Aim of the task
Only the lines of the listing below that run from the line with "Sweet Valentine’s day" through the line with "Envoyez par email" are to be set down, word for word. Pictures stay out.

Input material
***
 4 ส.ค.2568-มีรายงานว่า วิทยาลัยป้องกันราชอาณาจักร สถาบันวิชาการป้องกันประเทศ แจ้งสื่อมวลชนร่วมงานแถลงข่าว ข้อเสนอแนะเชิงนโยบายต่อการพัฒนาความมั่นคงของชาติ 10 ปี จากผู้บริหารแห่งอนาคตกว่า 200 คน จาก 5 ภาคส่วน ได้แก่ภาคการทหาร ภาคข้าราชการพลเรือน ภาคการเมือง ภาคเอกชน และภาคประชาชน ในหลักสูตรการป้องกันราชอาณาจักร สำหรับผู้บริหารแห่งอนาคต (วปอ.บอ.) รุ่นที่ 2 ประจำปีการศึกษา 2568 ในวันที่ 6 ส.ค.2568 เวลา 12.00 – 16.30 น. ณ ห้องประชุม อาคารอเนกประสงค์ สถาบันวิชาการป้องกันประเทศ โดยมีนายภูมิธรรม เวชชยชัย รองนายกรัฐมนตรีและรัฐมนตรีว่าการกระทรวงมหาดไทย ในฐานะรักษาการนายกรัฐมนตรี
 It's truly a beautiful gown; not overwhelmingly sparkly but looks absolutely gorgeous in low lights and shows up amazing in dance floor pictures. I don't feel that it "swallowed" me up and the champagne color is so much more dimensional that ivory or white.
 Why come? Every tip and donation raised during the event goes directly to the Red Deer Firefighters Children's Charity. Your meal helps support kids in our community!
***
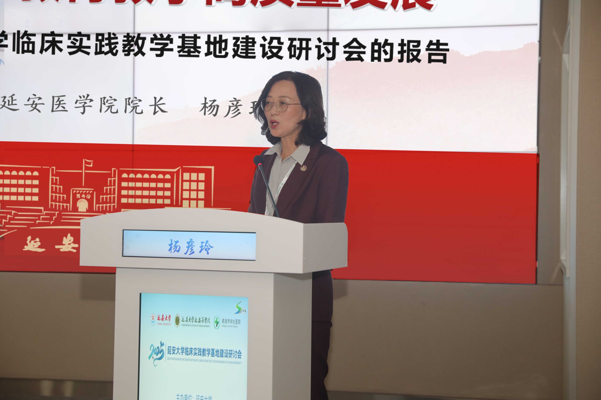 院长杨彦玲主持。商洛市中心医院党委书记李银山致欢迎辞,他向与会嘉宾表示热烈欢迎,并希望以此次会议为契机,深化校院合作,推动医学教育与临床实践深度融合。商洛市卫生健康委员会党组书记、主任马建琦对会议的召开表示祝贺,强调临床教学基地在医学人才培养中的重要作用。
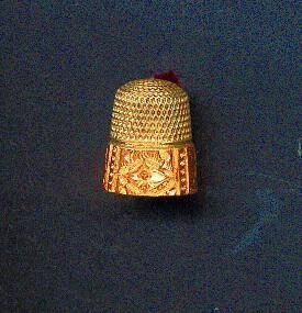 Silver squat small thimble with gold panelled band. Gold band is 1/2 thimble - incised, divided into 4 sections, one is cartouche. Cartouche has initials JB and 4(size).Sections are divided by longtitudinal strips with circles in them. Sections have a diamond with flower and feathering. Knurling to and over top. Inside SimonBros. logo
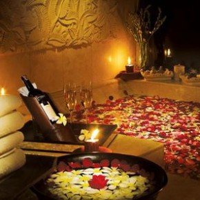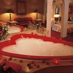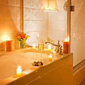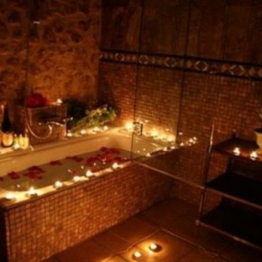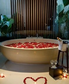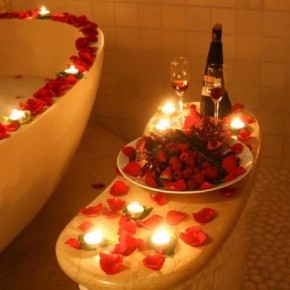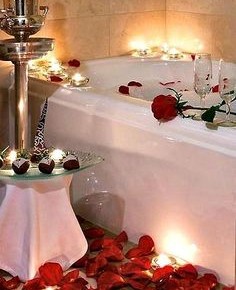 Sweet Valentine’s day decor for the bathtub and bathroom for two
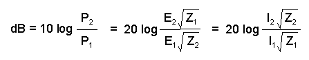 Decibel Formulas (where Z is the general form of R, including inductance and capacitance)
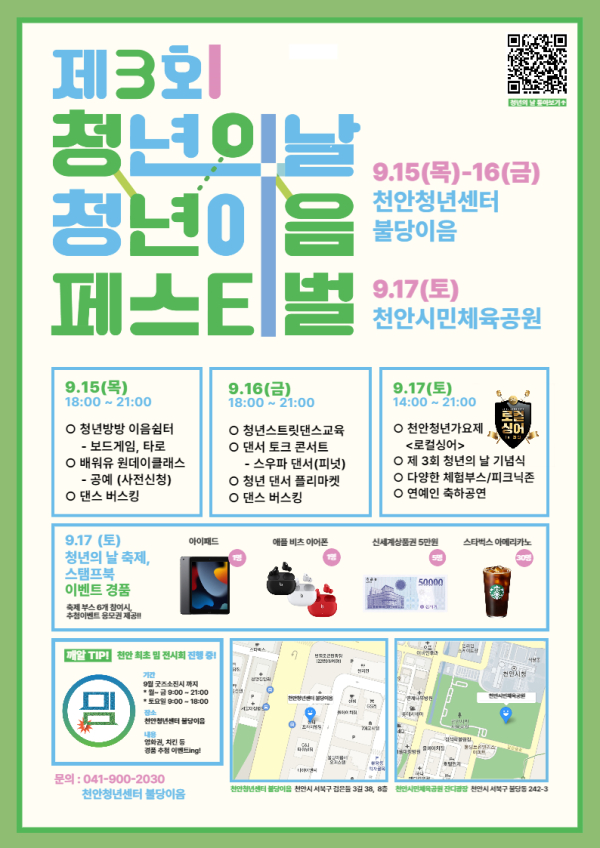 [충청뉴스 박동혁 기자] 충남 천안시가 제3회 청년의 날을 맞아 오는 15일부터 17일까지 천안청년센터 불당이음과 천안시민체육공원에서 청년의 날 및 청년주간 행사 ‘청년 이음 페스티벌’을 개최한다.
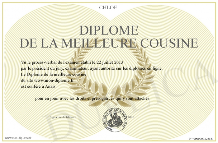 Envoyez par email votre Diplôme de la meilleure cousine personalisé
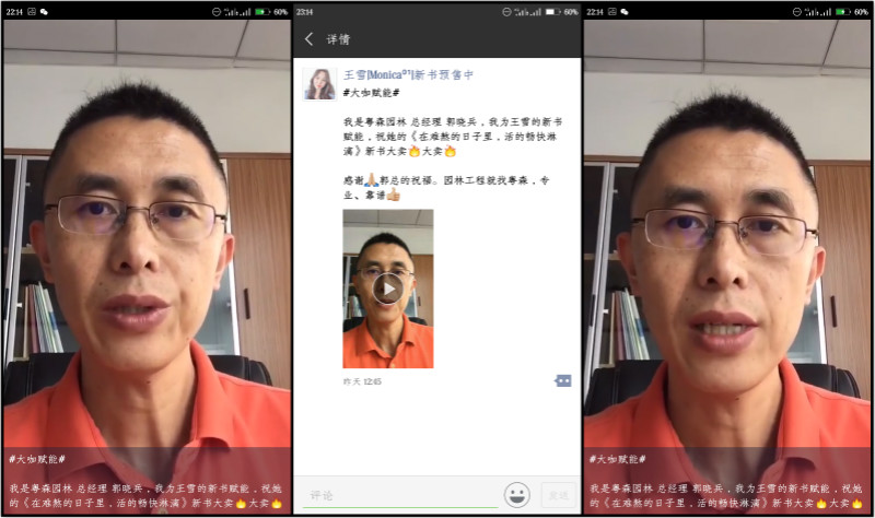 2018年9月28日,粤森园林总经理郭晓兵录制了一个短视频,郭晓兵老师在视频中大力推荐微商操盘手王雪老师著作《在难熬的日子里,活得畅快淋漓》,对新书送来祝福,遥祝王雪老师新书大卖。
***
Result
 Sweet Valentine’s day decor for the bathtub and bathroom for two
 Decibel Formulas (where Z is the general form of R, including inductance and capacitance)
 [충청뉴스 박동혁 기자] 충남 천안시가 제3회 청년의 날을 맞아 오는 15일부터 17일까지 천안청년센터 불당이음과 천안시민체육공원에서 청년의 날 및 청년주간 행사 ‘청년 이음 페스티벌’을 개최한다.
 Envoyez par email votre Diplôme de la meilleure cousine personalisé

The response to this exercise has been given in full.